• What to do:
Return the lines of the listing below exactly as they appear, beginning at the one with "Szukasz efektownej i" and stopping after the one with "ステンレスボウルの裏に電熱線"; do not include pictures.

• Supplied material:

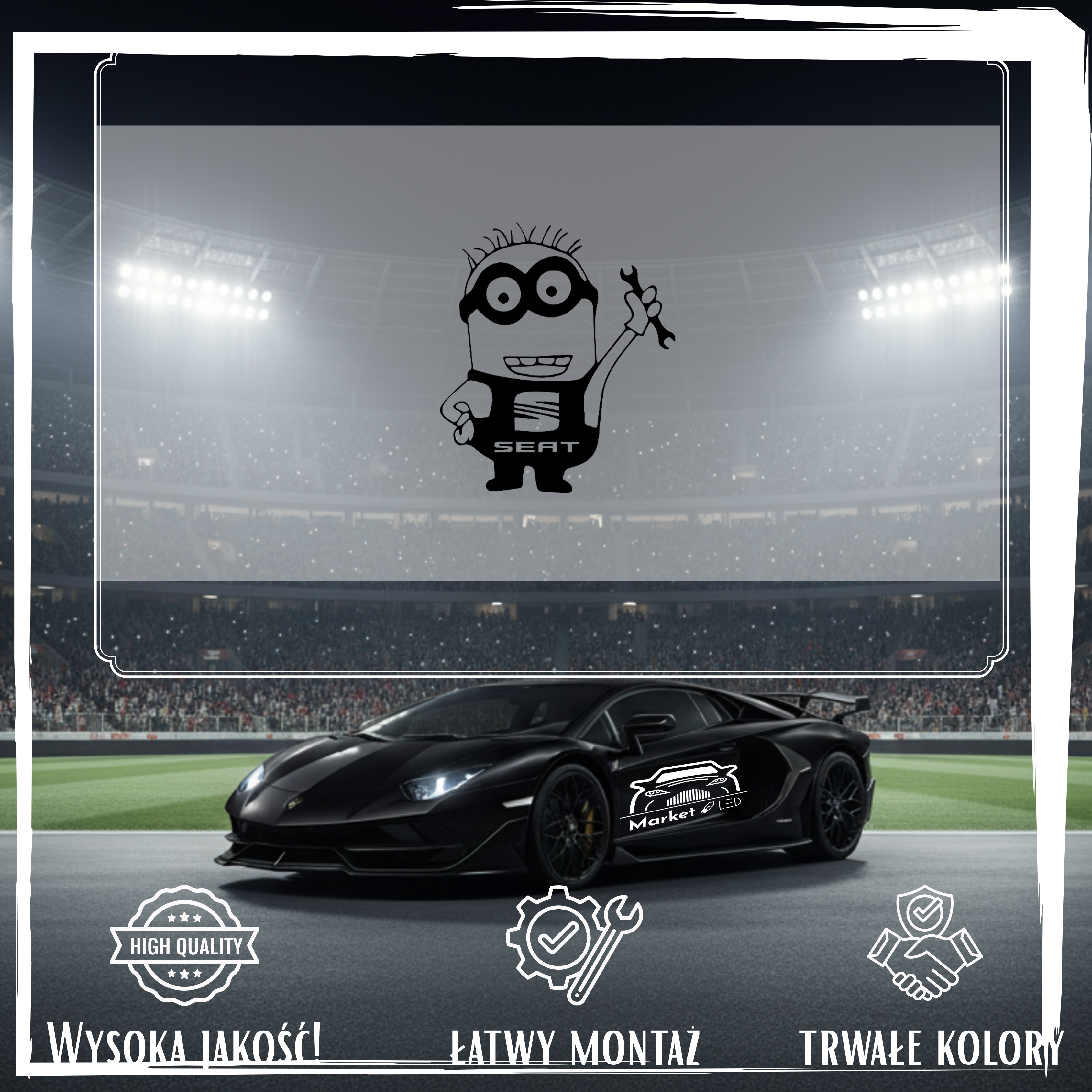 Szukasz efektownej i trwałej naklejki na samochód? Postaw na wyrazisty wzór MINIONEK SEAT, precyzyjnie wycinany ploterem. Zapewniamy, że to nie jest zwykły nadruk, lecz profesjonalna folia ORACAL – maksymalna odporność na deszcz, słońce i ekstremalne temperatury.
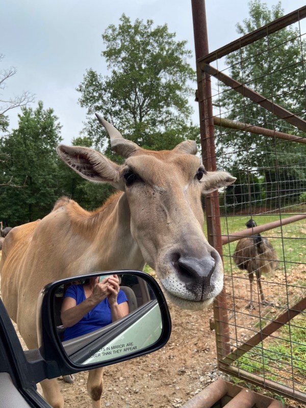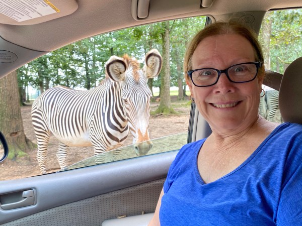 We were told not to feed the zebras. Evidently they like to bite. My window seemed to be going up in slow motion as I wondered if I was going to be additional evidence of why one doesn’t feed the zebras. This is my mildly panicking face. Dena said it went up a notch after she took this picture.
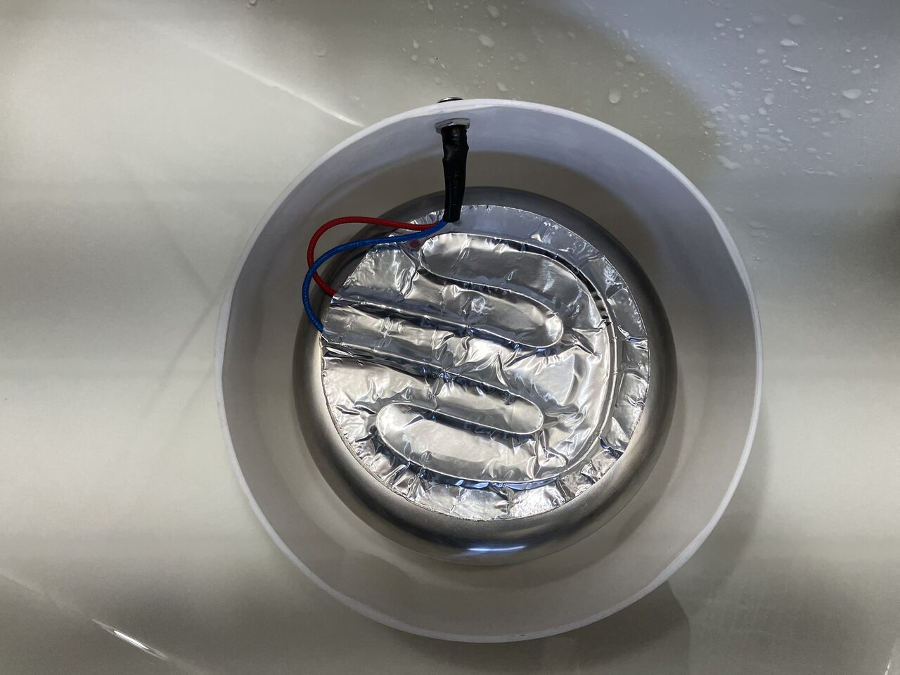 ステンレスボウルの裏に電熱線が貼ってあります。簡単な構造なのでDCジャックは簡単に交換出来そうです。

--

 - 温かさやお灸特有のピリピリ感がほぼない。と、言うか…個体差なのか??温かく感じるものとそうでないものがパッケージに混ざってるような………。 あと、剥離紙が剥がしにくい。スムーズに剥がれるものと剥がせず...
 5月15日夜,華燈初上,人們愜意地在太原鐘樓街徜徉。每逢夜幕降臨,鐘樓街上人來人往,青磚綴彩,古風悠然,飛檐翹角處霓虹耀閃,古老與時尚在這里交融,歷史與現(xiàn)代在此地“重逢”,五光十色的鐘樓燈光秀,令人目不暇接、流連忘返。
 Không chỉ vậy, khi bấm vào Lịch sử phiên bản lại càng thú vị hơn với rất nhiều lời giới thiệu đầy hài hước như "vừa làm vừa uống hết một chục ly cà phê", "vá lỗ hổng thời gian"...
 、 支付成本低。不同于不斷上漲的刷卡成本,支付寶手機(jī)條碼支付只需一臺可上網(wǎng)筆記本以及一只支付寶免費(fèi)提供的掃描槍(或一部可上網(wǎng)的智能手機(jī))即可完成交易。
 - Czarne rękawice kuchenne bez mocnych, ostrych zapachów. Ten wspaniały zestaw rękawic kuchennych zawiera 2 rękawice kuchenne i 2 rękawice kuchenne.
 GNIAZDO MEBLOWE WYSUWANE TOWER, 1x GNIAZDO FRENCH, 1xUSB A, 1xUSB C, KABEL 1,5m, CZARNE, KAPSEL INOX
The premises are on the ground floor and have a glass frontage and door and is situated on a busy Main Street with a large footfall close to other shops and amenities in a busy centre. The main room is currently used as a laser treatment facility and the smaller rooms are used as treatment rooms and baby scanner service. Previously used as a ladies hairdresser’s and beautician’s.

• Answer space:
 Szukasz efektownej i trwałej naklejki na samochód? Postaw na wyrazisty wzór MINIONEK SEAT, precyzyjnie wycinany ploterem. Zapewniamy, że to nie jest zwykły nadruk, lecz profesjonalna folia ORACAL – maksymalna odporność na deszcz, słońce i ekstremalne temperatury.
 We were told not to feed the zebras. Evidently they like to bite. My window seemed to be going up in slow motion as I wondered if I was going to be additional evidence of why one doesn’t feed the zebras. This is my mildly panicking face. Dena said it went up a notch after she took this picture.
 ステンレスボウルの裏に電熱線が貼ってあります。簡単な構造なのでDCジャックは簡単に交換出来そうです。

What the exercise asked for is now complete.